Акулина Егоровна приосанилась и посуровела.
– Невмоготу им, Степан Павлович. Сама беременная ходит. Третьего под старость лет заводить решили, а отец – на работе. Там, на выпасках, и спит. Так что ты уж извиняй. Я хотела прийти, да ходок-то из меня получается не шибко прыткий.
Степан закрыл глаза, сжал веки так, что едва не выступили слезы, стараясь вспомнить в точности, как все было дальше. Акулина Егоровна продолжала сидеть в кабинете, и Степан догадался, что она хочет еще о чем-то спросить его.
– Ты мне скажи, Степан Павлович, – не заставила она себя долго ждать. – У вас новая учительница приехала. Молоденькая. Кто она? Откуда?
– Екатерина Сергеевна?
– Так вроде бы.
– Из Ленинграда. Биолог.
– Я к тому тебя об этом пытаю, что за Витальку сердце изболелось. В возрасте он уже. Жениться бы ему надо. А она холостая.
Степан задохнулся:
– Эт-т-о не мое дело, Акулина Егоровна. – Он всегда заикался в минуты большого напряжения. – Э-т-т-о вы сами с ней поговорите.

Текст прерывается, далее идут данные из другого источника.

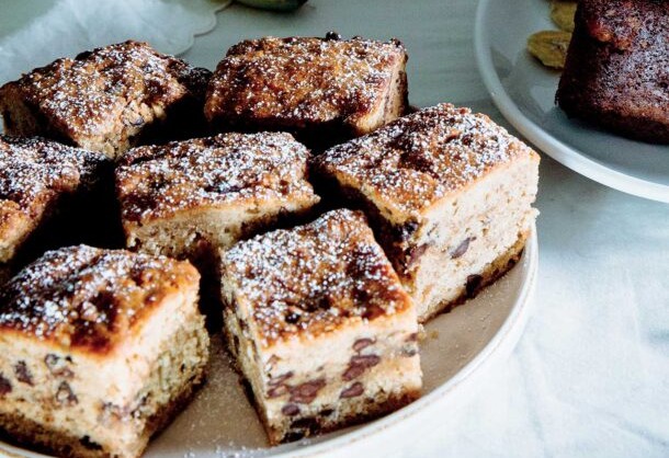 - Το αφήνουμε να κρυώσει εντελώς μέσα στο ταψάκι και το πασπαλίζουμε με άχνη. Το κόβουμε σε εννέα τετράγωνα κομμάτια και σερβίρουμε.

– Я ничо. Я просто так спросила, – успокоила Акулина Егоровна. – Если хороший человек, почему бы его в Рябиновке не закрепить. Многие из наших учительниц потому и робят здесь, что замуж повыходили… Может, думаю, и эта за Витальку пошла бы: дом у нас хороший, хозяйство – чо надо! И работник непостоянно у вас бы остался. И Виталька остепенился бы. А то ведь чисто истрепался.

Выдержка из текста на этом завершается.